====== Listed records

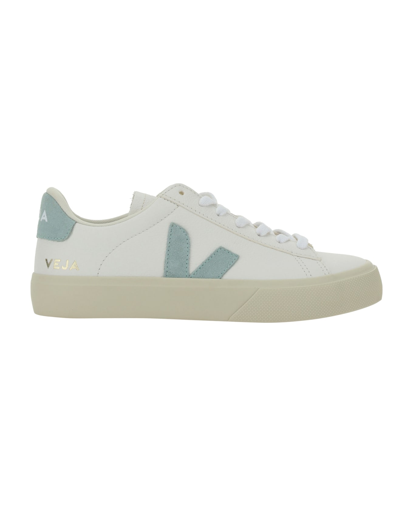 Calfskin campo chrome sneakers by veja, round toe, contrasting panel detailing, contrasting iconic brand logo appliqué on side panels, lace-up front fastening, embossed logo tab, logo appliqué on tongue, contrasting heel reinforcement.
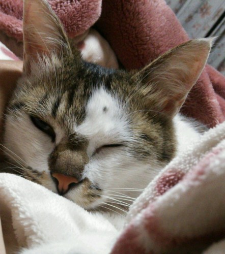 4日にシュウトメちゃんを施設に送っていって5日に施設から、盗難被害妄想の件で電話があり6日にフクちゃんが死んでしまい、一晩家でフクちゃんの遺体と過ごし7日にフクちゃんを火葬場に連れていき8日には、普通に家事と仕事をこなすのが精いっぱいで・・・ついついシュウトメちゃんの所に顔を出すのをさぼっていました。昨日9日に、やっとシュウトメちゃんの所に行きました。施設へは、着替えも飴もお煎餅もたくさん置いてあるし、来ないなと思われることはあっても、困ることはないと思っていましたが、その通りで、シュウトメちゃんは、穏やかな顔をしていました。困ってなかった?と聞くと、困ってた、と言いましたが、それはズボンを盗まれたとかいう話ではなくて、眠るときに寒くなったので、もう1枚毛布が欲しいということでした。いつもなら、これが欲しいと思うものがあると、家に電話してきたものですが、たまたま不在だったのか、それ程困っていなかったのか、遠慮するようになったのか。目の前にいるシュウトメちゃんは、昔より一回り小さくて、年を取ったんだなと改めて感じました。お正月の時、上の義姉が、今度はまた来年のお正月にと言ったのに対して思わず上から目線で、なんて薄情なと感じたものでしたが、ふいに、きっとその方がいいんだと感じました。薄情とは違うんだと思ったのです。母親と価値観が違っていて、共感しにくい友人がいます。彼女は母親との溝を埋めたくて、いろいろ試行錯誤しましたが、溝が埋まらないのを受け入れるしかないことを悟りました。彼女も彼女のお母さんも、母が、娘が、大事なんです。でも、2人の溝が狭まることがないことを自覚するのはきついこと。きついけれど、それはその人に必要だから起きてくること。苦しいのに、無理をして、必要以上にその痛みを頻繁に感じなくてもいい。シュウトメちゃんと義姉たちもきっとそうなんだいう思いが、小さい老人となったシュウトメちゃんを見て、不意に強くわきました。大事だという思いと、わかり合えないという現実があるとき、その関係を自分の中に受け入れ、消化していくのは、そうでない関係の母娘には理解できないほど大変なはず。それが理解できないくせに、自分の母親なんだから、もっと顔を見せてあげればいいのになどと上から目線で見ている義妹koalaが、うざいのは当然ですね。おまけにその義妹が全部世話をしているという弱みがあって、その弱みは義姉たちの罪悪感を無意識下で刺激することでしょう。罪悪感なんて必要ないと言い切るためにも、自分のルーツを相手の中に見出さないためにも、離れていたほうが平和という関係だってあるのです。自分は罪悪感を感じているんだなと、少し離れたところからその罪悪感を見つめて、認めちゃった方が楽になるだろうと感じましたが、そんなのも余計なお世話。余計なお世話というのはうぬぼれた上から目線かもしれません。罪悪感を感じさせる母親シュウトメちゃんと義妹koala。母親は愚痴ばかり言っている。義妹はうぬぼれた上から目線で見ている。これは顔を見るのも声を聞くのも不快で当然。不快さをぶつけられてしまうシュウトメちゃんとkoalaもこれまた不快で当然なのでありました。当然なのとそれでいいというのはまた違う問題ではありますが、少なくともそれは義姉とシュウトメちゃんの問題であって、私が「お盆も来てくださいね」などと口をはさむことではなかったと、言っちゃったものは仕方ないですが(苦笑)、すとんと腑に落ちました。あんた何様?と自分突込みでもしておきましょうか。シュウトメちゃんが義姉たちを愛しているように、義姉たちだって、シュウトメちゃんを愛しているんです、多分。でもねじくれた関係なので、愛がある分、苦痛も強いのかもしれません。今まで出しゃばってごめんね。最後に、今日のフクちゃん画像。やっと泣かないでフクちゃんの画像を見られるようになってきました。まだ泣くこともありますけど、今、この場では泣いていません。(笑)私の抱っこで、眠りに落ちていく直前のフクちゃん。この顔を見て、別れは悲しいけれど、これでよかったんだと思えました。フクちゃんが野良猫ちゃんのままだったら、こんな安心した表情で暖かな毛布の中で、飼い主の愛情を感じながら、眠りにつくことはなかったのですから、あまりにも短かったけれど、フクちゃんはいい一生を送ったのです。安心なこと、暖かいこと、愛されることは気持ちいいことだったね、フクちゃん。目が見えなくなっていた高齢の愛犬メリーちゃんを家族が散歩に連れていくと、その後を隠れながら(丸見えなんだけど)下手なスパイのようについてきたフクちゃんの姿を思い出します。よくフクちゃんを抱っこして「可愛い、可愛い」と言いました。フクちゃんは、プライドの高い女の子の猫だったので、たまにしか甘えてこなくて、「可愛い、可愛い」と抱っこしても、そのうちす
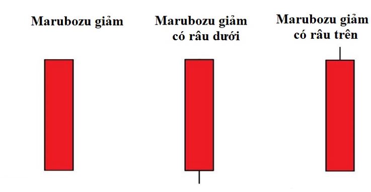 Nến Marubozu giảm (Bearish Marubozu) là mẫu hình nến có mức giá đóng cửa thấp hơn mức giá mở cửa bao gồm các biến thể sau:
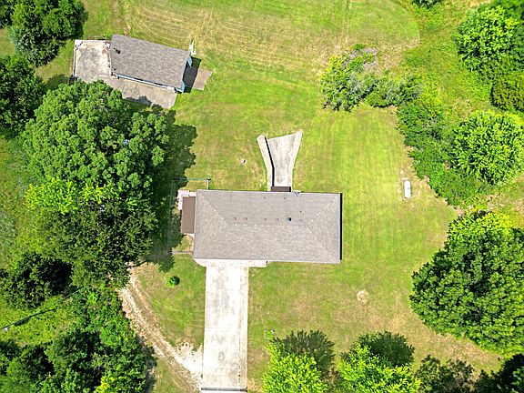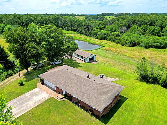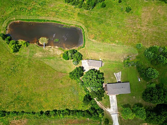 Welcome to your new 12 acre paradise! This property comes with everything you want. Outside is a large ~0.3 acre pond with an island accessible by bridge. The pond has been stocked with catfish, crappie, and bass. Between the pond and home is a large 20'x40' shop with power and concrete floors. The gently rolling, mostly open acreage is perfect for housing any animals you wish to have! Many large bucks have been spotted on this property as well. On the far north western corner of the property is an additional concrete floor older garage that could be used for storage. The home itself has been immaculately maintained. Inside is a kitchen with plenty of counter space and a large window area giving an open concept feel into the dining room. The large living area connects to the upstairs 2 bedrooms and 2 bathrooms. The master bedroom has its own private master bath attached. The attached garage is exceptionally clean and has a newer garage door, and an exterior door that leads to a covered and fenced patio area. The patio area is perfect for dogs or animals that you don't want roaming the entire property, as well as sitting out under the shade of the canopy and admiring the serine view of the property and the pond! Through the garage is a very wide staircase down the the full basement. Downstairs is a third non-conforming bedroom, a third bathroom, a massive family room, and an amazingly large all concrete room under the garage slab that doubles as a storm shelter! Additionally you will find the HVAC unit that was replaced in 2022 and has a 10 year transferable warranty, a built in wood burning stove for central air heat from wood, two good sized pressure tanks for the well, and a massive steel double door opening to the back yard. This portion of the basement with the large double doors is a good ''John Deere room'' area that allows mowers, SxS, or other equipment to be driven directly into the basement for climate controlled storage. Call for your showing today
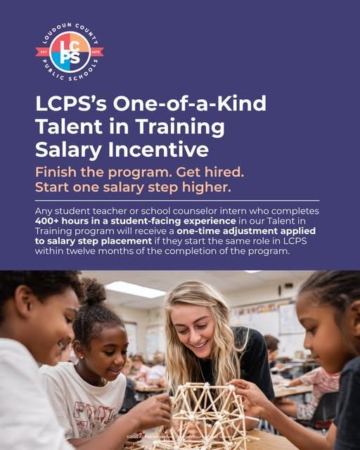 You won’t find this benefit in neighboring school divisions. Get your training hours right here with LCPS’s Talent in Training program and experience the real advantages! For more info: https://lcps.pub/48HRjnWEarn more from day one. Finish the LCPS Talent in Training program and start your teaching career one step ahead – literally. Student teachers or school counselor interns who complete 400+ hours of student-facing experience with LCPS are qualified to receive a one-time adjustment applied to salary step placement. You won’t find this benefit in neighboring school divisions. Get your training hours right here with LCPS’s Talent in Training program and experience the real advantages! For more info: https://lcps.pub/48HRjnW0 Comments 0 Shares 86 Views 0 Reviews -
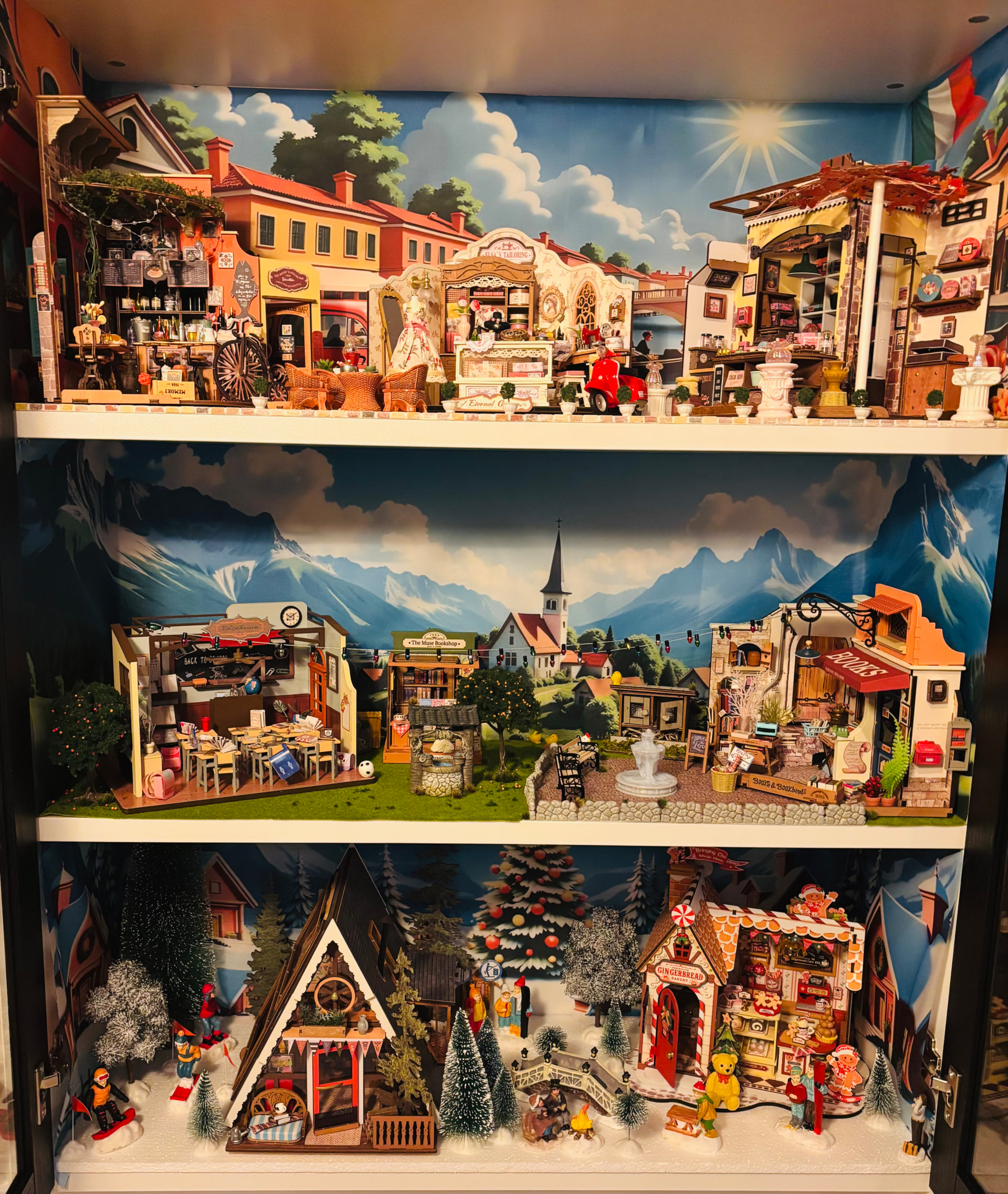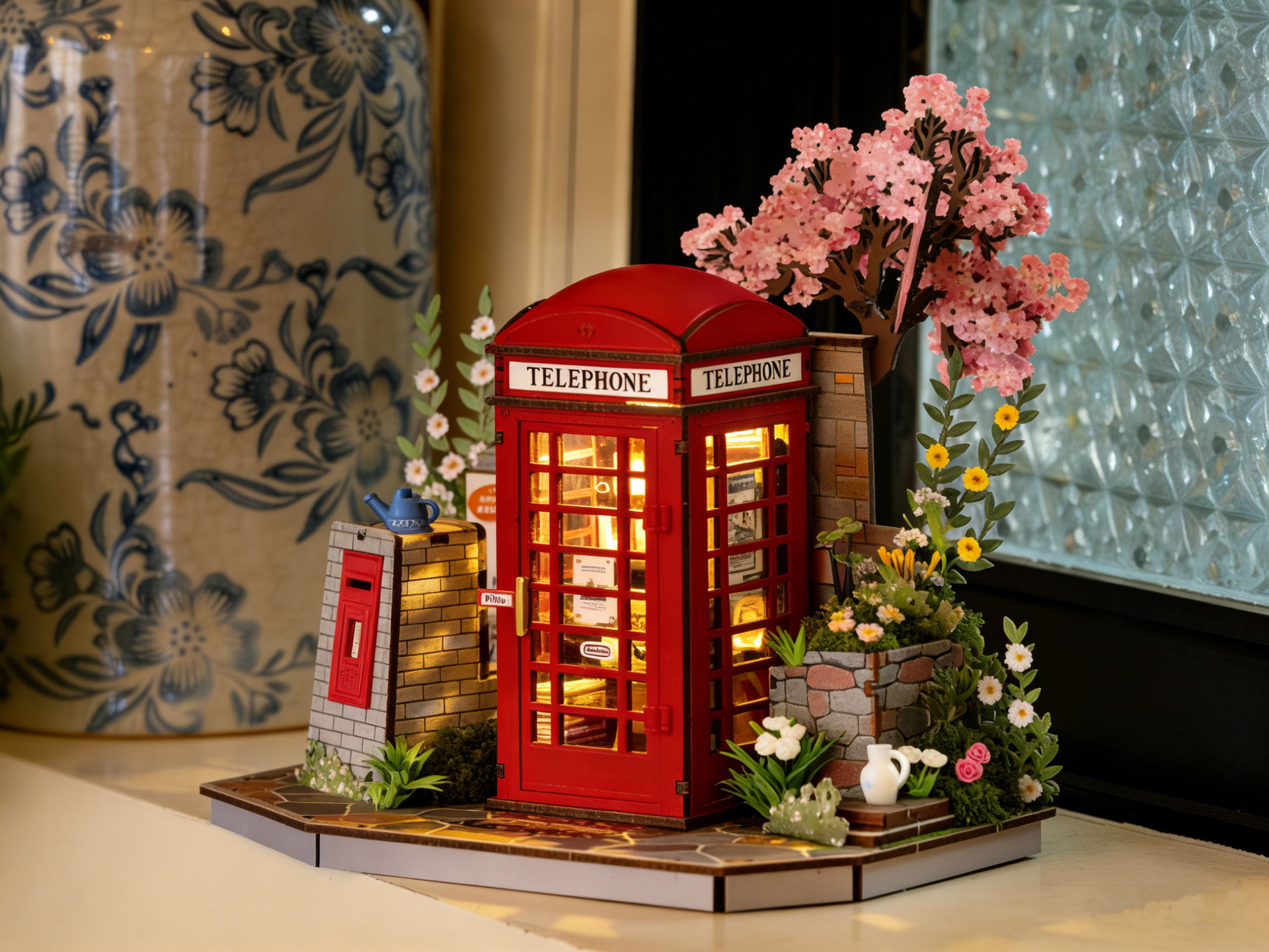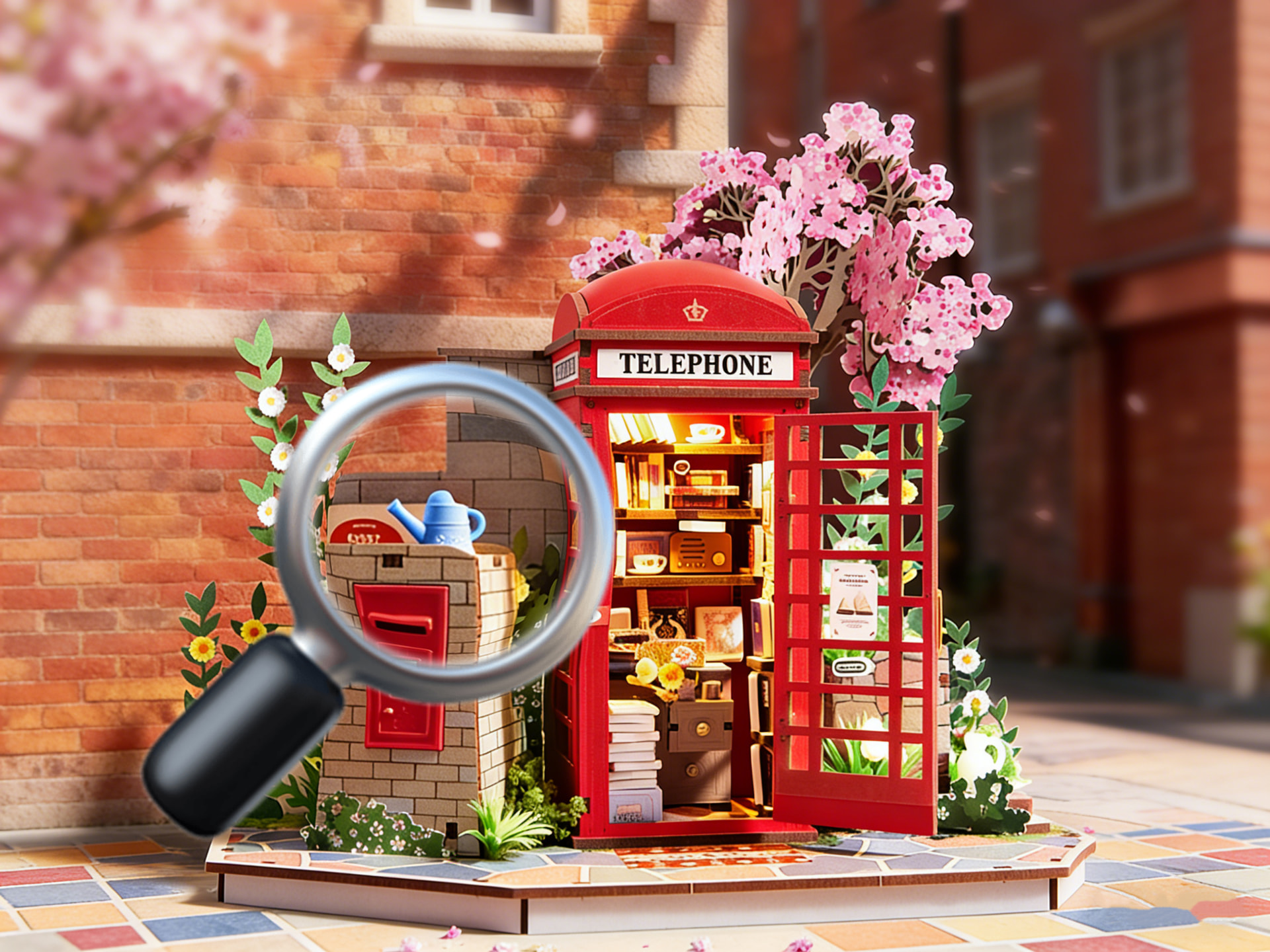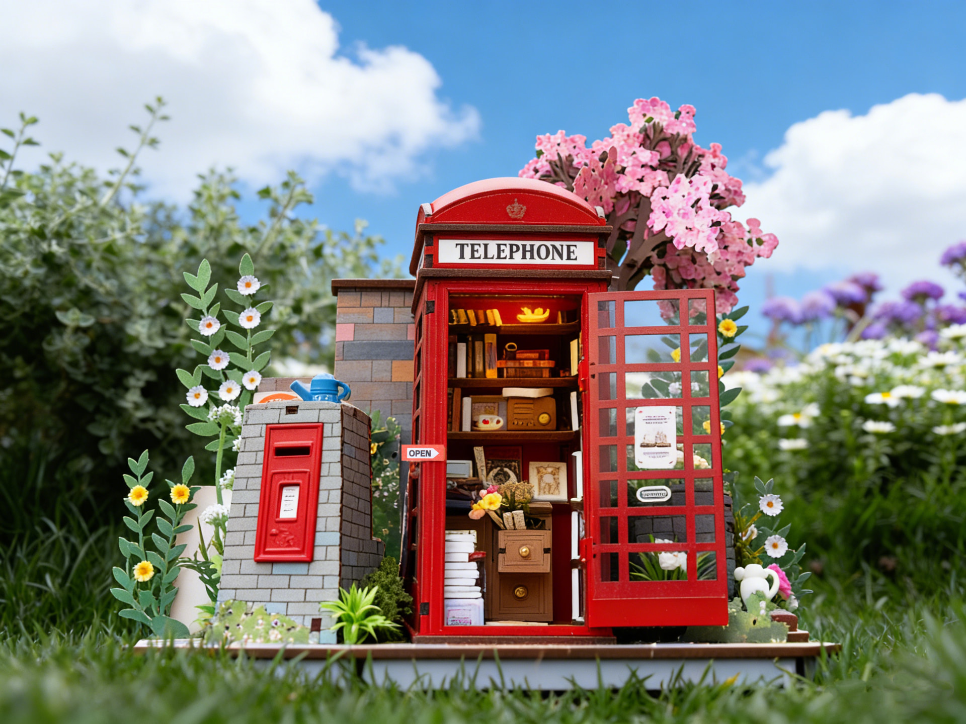 Step into this miniature book Booth, and you’ll discover a tiny world gently wrapped in time. The iconic red building is reimagined as a shared reading space: flowers climb along the shelves, and a soft amber glow flows through every corner, like a quiet, undisturbed afternoon in a Nordic town.![]()

============

__What is needed__. A faithful copy of the data is required: each word kept, each picture omitted.

__Answer below__.
 Calfskin campo chrome sneakers by veja, round toe, contrasting panel detailing, contrasting iconic brand logo appliqué on side panels, lace-up front fastening, embossed logo tab, logo appliqué on tongue, contrasting heel reinforcement.
 4日にシュウトメちゃんを施設に送っていって5日に施設から、盗難被害妄想の件で電話があり6日にフクちゃんが死んでしまい、一晩家でフクちゃんの遺体と過ごし7日にフクちゃんを火葬場に連れていき8日には、普通に家事と仕事をこなすのが精いっぱいで・・・ついついシュウトメちゃんの所に顔を出すのをさぼっていました。昨日9日に、やっとシュウトメちゃんの所に行きました。施設へは、着替えも飴もお煎餅もたくさん置いてあるし、来ないなと思われることはあっても、困ることはないと思っていましたが、その通りで、シュウトメちゃんは、穏やかな顔をしていました。困ってなかった?と聞くと、困ってた、と言いましたが、それはズボンを盗まれたとかいう話ではなくて、眠るときに寒くなったので、もう1枚毛布が欲しいということでした。いつもなら、これが欲しいと思うものがあると、家に電話してきたものですが、たまたま不在だったのか、それ程困っていなかったのか、遠慮するようになったのか。目の前にいるシュウトメちゃんは、昔より一回り小さくて、年を取ったんだなと改めて感じました。お正月の時、上の義姉が、今度はまた来年のお正月にと言ったのに対して思わず上から目線で、なんて薄情なと感じたものでしたが、ふいに、きっとその方がいいんだと感じました。薄情とは違うんだと思ったのです。母親と価値観が違っていて、共感しにくい友人がいます。彼女は母親との溝を埋めたくて、いろいろ試行錯誤しましたが、溝が埋まらないのを受け入れるしかないことを悟りました。彼女も彼女のお母さんも、母が、娘が、大事なんです。でも、2人の溝が狭まることがないことを自覚するのはきついこと。きついけれど、それはその人に必要だから起きてくること。苦しいのに、無理をして、必要以上にその痛みを頻繁に感じなくてもいい。シュウトメちゃんと義姉たちもきっとそうなんだいう思いが、小さい老人となったシュウトメちゃんを見て、不意に強くわきました。大事だという思いと、わかり合えないという現実があるとき、その関係を自分の中に受け入れ、消化していくのは、そうでない関係の母娘には理解できないほど大変なはず。それが理解できないくせに、自分の母親なんだから、もっと顔を見せてあげればいいのになどと上から目線で見ている義妹koalaが、うざいのは当然ですね。おまけにその義妹が全部世話をしているという弱みがあって、その弱みは義姉たちの罪悪感を無意識下で刺激することでしょう。罪悪感なんて必要ないと言い切るためにも、自分のルーツを相手の中に見出さないためにも、離れていたほうが平和という関係だってあるのです。自分は罪悪感を感じているんだなと、少し離れたところからその罪悪感を見つめて、認めちゃった方が楽になるだろうと感じましたが、そんなのも余計なお世話。余計なお世話というのはうぬぼれた上から目線かもしれません。罪悪感を感じさせる母親シュウトメちゃんと義妹koala。母親は愚痴ばかり言っている。義妹はうぬぼれた上から目線で見ている。これは顔を見るのも声を聞くのも不快で当然。不快さをぶつけられてしまうシュウトメちゃんとkoalaもこれまた不快で当然なのでありました。当然なのとそれでいいというのはまた違う問題ではありますが、少なくともそれは義姉とシュウトメちゃんの問題であって、私が「お盆も来てくださいね」などと口をはさむことではなかったと、言っちゃったものは仕方ないですが(苦笑)、すとんと腑に落ちました。あんた何様?と自分突込みでもしておきましょうか。シュウトメちゃんが義姉たちを愛しているように、義姉たちだって、シュウトメちゃんを愛しているんです、多分。でもねじくれた関係なので、愛がある分、苦痛も強いのかもしれません。今まで出しゃばってごめんね。最後に、今日のフクちゃん画像。やっと泣かないでフクちゃんの画像を見られるようになってきました。まだ泣くこともありますけど、今、この場では泣いていません。(笑)私の抱っこで、眠りに落ちていく直前のフクちゃん。この顔を見て、別れは悲しいけれど、これでよかったんだと思えました。フクちゃんが野良猫ちゃんのままだったら、こんな安心した表情で暖かな毛布の中で、飼い主の愛情を感じながら、眠りにつくことはなかったのですから、あまりにも短かったけれど、フクちゃんはいい一生を送ったのです。安心なこと、暖かいこと、愛されることは気持ちいいことだったね、フクちゃん。目が見えなくなっていた高齢の愛犬メリーちゃんを家族が散歩に連れていくと、その後を隠れながら(丸見えなんだけど)下手なスパイのようについてきたフクちゃんの姿を思い出します。よくフクちゃんを抱っこして「可愛い、可愛い」と言いました。フクちゃんは、プライドの高い女の子の猫だったので、たまにしか甘えてこなくて、「可愛い、可愛い」と抱っこしても、そのうちす
 Nến Marubozu giảm (Bearish Marubozu) là mẫu hình nến có mức giá đóng cửa thấp hơn mức giá mở cửa bao gồm các biến thể sau:
 Welcome to your new 12 acre paradise! This property comes with everything you want. Outside is a large ~0.3 acre pond with an island accessible by bridge. The pond has been stocked with catfish, crappie, and bass. Between the pond and home is a large 20'x40' shop with power and concrete floors. The gently rolling, mostly open acreage is perfect for housing any animals you wish to have! Many large bucks have been spotted on this property as well. On the far north western corner of the property is an additional concrete floor older garage that could be used for storage. The home itself has been immaculately maintained. Inside is a kitchen with plenty of counter space and a large window area giving an open concept feel into the dining room. The large living area connects to the upstairs 2 bedrooms and 2 bathrooms. The master bedroom has its own private master bath attached. The attached garage is exceptionally clean and has a newer garage door, and an exterior door that leads to a covered and fenced patio area. The patio area is perfect for dogs or animals that you don't want roaming the entire property, as well as sitting out under the shade of the canopy and admiring the serine view of the property and the pond! Through the garage is a very wide staircase down the the full basement. Downstairs is a third non-conforming bedroom, a third bathroom, a massive family room, and an amazingly large all concrete room under the garage slab that doubles as a storm shelter! Additionally you will find the HVAC unit that was replaced in 2022 and has a 10 year transferable warranty, a built in wood burning stove for central air heat from wood, two good sized pressure tanks for the well, and a massive steel double door opening to the back yard. This portion of the basement with the large double doors is a good ''John Deere room'' area that allows mowers, SxS, or other equipment to be driven directly into the basement for climate controlled storage. Call for your showing today
 You won’t find this benefit in neighboring school divisions. Get your training hours right here with LCPS’s Talent in Training program and experience the real advantages! For more info: https://lcps.pub/48HRjnWEarn more from day one. Finish the LCPS Talent in Training program and start your teaching career one step ahead – literally. Student teachers or school counselor interns who complete 400+ hours of student-facing experience with LCPS are qualified to receive a one-time adjustment applied to salary step placement. You won’t find this benefit in neighboring school divisions. Get your training hours right here with LCPS’s Talent in Training program and experience the real advantages! For more info: https://lcps.pub/48HRjnW0 Comments 0 Shares 86 Views 0 Reviews -
 Step into this miniature book Booth, and you’ll discover a tiny world gently wrapped in time. The iconic red building is reimagined as a shared reading space: flowers climb along the shelves, and a soft amber glow flows through every corner, like a quiet, undisturbed afternoon in a Nordic town.![]()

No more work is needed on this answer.